Indeed, this is a rad retelling of The Flash’s origin. Barry is struck by lightning and spills over an assemblage of chemicals in the crime lab, eventually ending up as a subject of S.T.A.R. labs and McGee. Throughout this hour-and-a-half-long show, we follow Barry as he controls his newfound power, discovers his endless appetite and mourns the loss of his brother. We meet his crime lab partner Julio Mendez, too, who’s obsessed with Allen’s love life.
The pilot is our introduction to the pun-laden humor teeming in this series. For example, Iris West, an art chick here, laying in bed with Barry, says, “I can’t believe it was over so quickly.” But … she’s talking about a televised boxing match. Get it? GET IT?!


4) Flash Forward

Pike is the dude who kills Barry’s brother, Jay, and gets away with it after a non-guilty verdict. He’s also the dude who designs — wait for it — a nuclear missile that blasts The Flash into far off 2001. The Flash wakes up in a post-apocalyptic, police-dominated Pike City, formerly Central City, where the murderer is a slick-haired mayor, and Julio is a trash man. Julio, though, knows of the underground liberation movement and the brain-numbing machine at S.T.A.R. labs, which Pike controls. And when The Flash regains his speed, Tina McGee suddenly learns that S.T.A.R. Labs can return the Scarlet Speedster to ’91 by turning the facility into a mini-nuclear warhead. What?! Nuclear absurdity aside, this episode is a solid study in cyberpunk.


3) Captain Cold

This is one of the few episodes where drama dominates comedy. Captain Cold is a creepy mercenary resembling traits of the comic book character, armed with a laser-y subzero gun as well as a disturbingly explosive snow globe. In one encounter, he puts The Flash in an icy coma, thanks to an ambitious reporter from The Inquisitor tabloid. With help from McGee, The Flash thaws out (oh, sweet metabolism!) and dons a freeze-proof belt for a level rematch against Captain Cold. The fight spills into downtown, where Cold gets another hit on The Flash — only this time the Scarlet Speedster deflects the second shot with a mirror, freezing his opponent.

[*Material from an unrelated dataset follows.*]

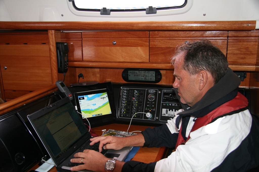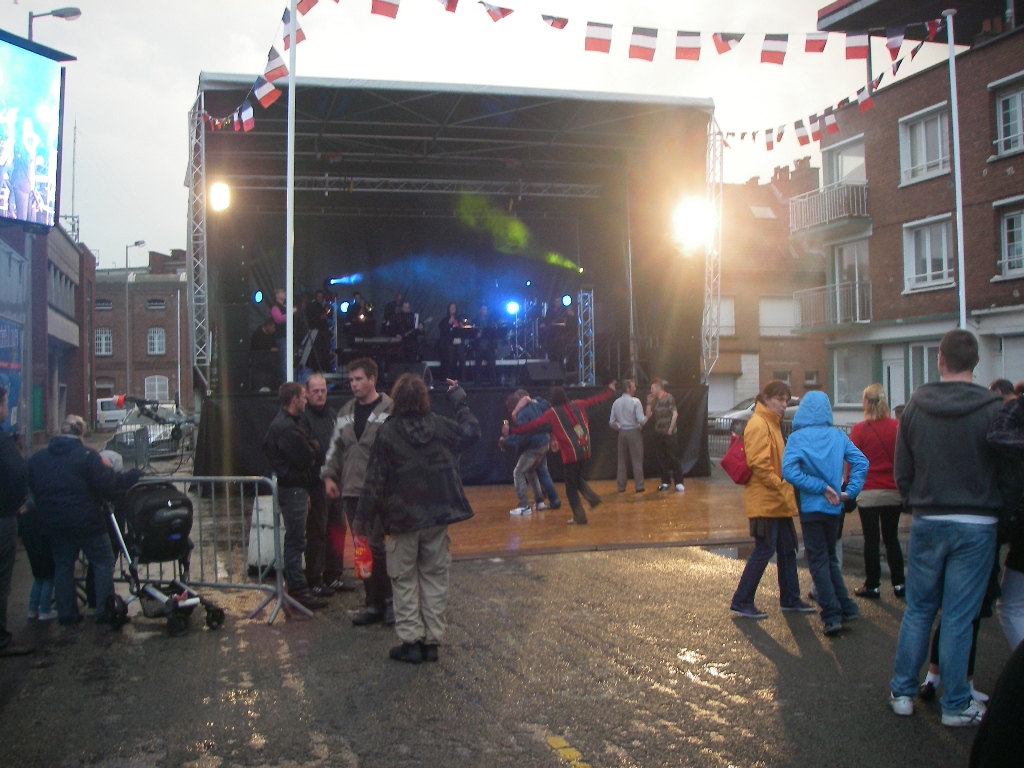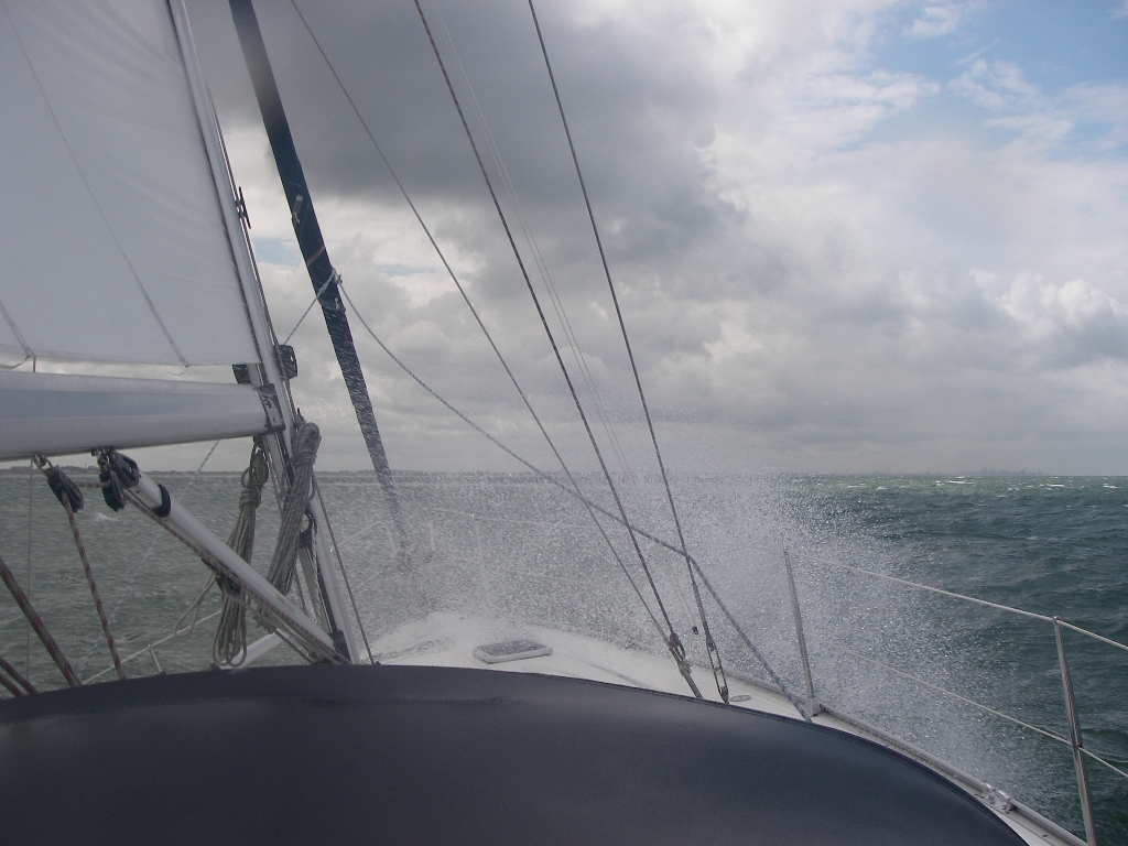 Het begint een beetje een ritueel te worden: ik sta vandaag om 4 uur op, bespreek het weer met Marion en Mark en dan mag ik weer een paar uur gaan slapen. Vandaag was de beslissing niet zo moeilijk die had ik zelf ook wel kunnen nemen (stortregen) maar Mark wil graag overal in meebeslissen. De regen bleef aanhouden, dus ben ik maar broodjes gaan halen. Na een ruim en rustig ontbijtje hebben we de laatste weerberichten bekeken: afnemende wind kracht 2 tot 3, we gaan koers zetten naar Duinkerke. Op zee was het al snel duidelijk hoge golven en veel wind. Een zeilboot, die iets eerder dan ons was uitgevaren, kwam met een om de stag gedraaid fok weer terug de havenmond in. Wij hebben het grootzeil uitgezet samen met de motor. Halverwege nam de wind nog meer toe en hebben we het grootzeil gereefd, waarbij Marion met de lifeline naar de mast ging. Daniel zorgde voor de navigatie. Al met al hebben we allemaal een zoute douche een paar keer over ons heen gekregen. Nu nog maar 3 mijl varen door een smal geultje tussen ondieptes met de wind pal tegen. Zo laveren we naar de haveningang van Duinkerke. Marianne heeft via de marifoon een box geregeld bij het havenkantoor en eenmaal aangelegen hebben we een reservering voor een tafeltje gemaakt bij de Yachtclub. Even het zout er af douchen en dan is het tijd voor borrelen. Oops, wat gebeurt er nu op de steiger, haaks op onze boot, precies in Marion’s uitzicht een Duitse stripper een soort oude Chippendale die z’n piepje uitliet, we konden duidelijk zien dat het frisjes was buiten. Het etentje bij de Yachtclub was weer prefect ondanks dat ze een kleine kaart serveerden in verband met quatorze juillet, een Franse feestdag. We vroegen aan de ober of er nog speciale festiviteiten zijn en hij vertelde dat er een groot vuurwerk zal zijn. Na de maaltijd zijn we naar de muziek die we hoorden gewandeld en hebben daar naar een goede band met eerst nog weinig publiek geluisterd en er waren ook een paar dronken clochards die probeerden te dansen. Om 22:30uur was het erg druk en werd het vuurwerk aangekondigd wat bijna een half uur duurde. Wat we niet hadden verwacht maar het was best spectaculair. De crisis heeft nog niet toegeslagen in Frankrijk. Na het vuurwerk hebben we onze bedjes opgezocht de wekker gaat om 2:00uur af, morgen richting Engeland?

2 & 1) The Trickster/Trial of the Trickster

Call these a primer for Mark Hamill’s work as The Joker in Batman: The Animated Series. His gripping portrayal of The Trickster is loaded with hokey jokes and cheap kills, like one where he uppercuts one sheriff and shoots another in the back in a matter of seconds. Like the Joker, he has a laugh ruining lives — alone or with his sidekick Prank. In these episodes, The Flash can barely keep up with the villain’s antics, such as an exploding Mercury statue and a bubblegum-spewing getaway vehicle. At the same time, Barry tries to reconcile his relationship with the elusive P.I. Megan Lockhart,  who is also The Trickster’s obsession, and he debates all the crime The Flash has possibly inspired.

Finally, after he snaps out of a TV-induced trance, The Flash rips his adversary from The Great Trickster Escape Mobile before it explodes, aiding police as they throw him in maximum security. Indeed, both episodes yield a cool blend of Silver Age-y humor and ’90s crime dramas.